§ **Dataset content**:
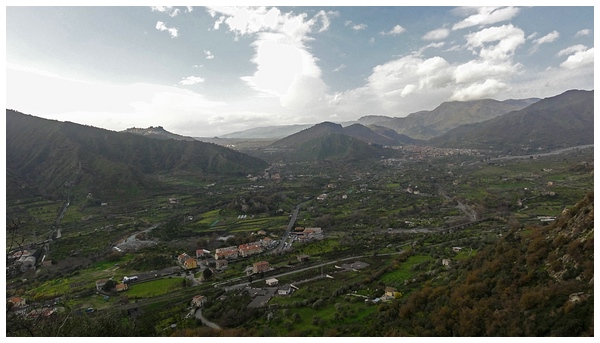 Blick von unten auf Motta Camastra.
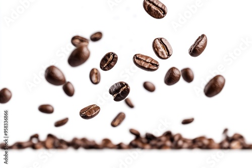 Coffee beans falling in the air isolated on a white background. Coffee beans flying , ai
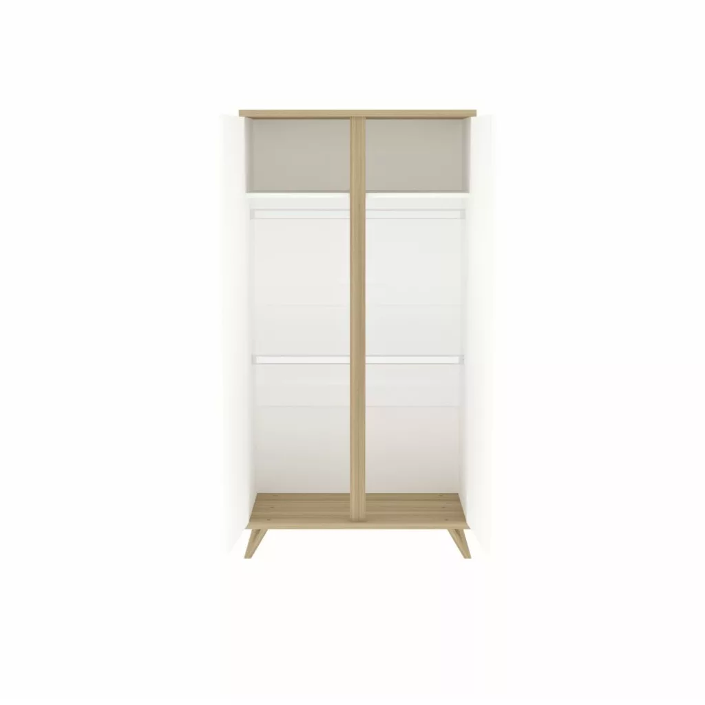 A Sienna White 2 osztású szekrény a babaszoba nélkülözhetetlen tároló bútoraként minden igényt kielégít. Praktikus belső akasztós kialakításának köszönhetően átláthatóan és könnyen kezelhetően tudod tárolni kisbabád ruháit. Továbbá a szekrényen belüli felső polc kialakítás a szekrény méreteinek kihasználását maximalizálja. Igény szerint további 3 db polccal is kiegészíthető.

§ **What you should do**: The output has to match the data above line for line, except that pictures are dropped.

§ **Result**:
 Blick von unten auf Motta Camastra.
 Coffee beans falling in the air isolated on a white background. Coffee beans flying , ai
 A Sienna White 2 osztású szekrény a babaszoba nélkülözhetetlen tároló bútoraként minden igényt kielégít. Praktikus belső akasztós kialakításának köszönhetően átláthatóan és könnyen kezelhetően tudod tárolni kisbabád ruháit. Továbbá a szekrényen belüli felső polc kialakítás a szekrény méreteinek kihasználását maximalizálja. Igény szerint további 3 db polccal is kiegészíthető.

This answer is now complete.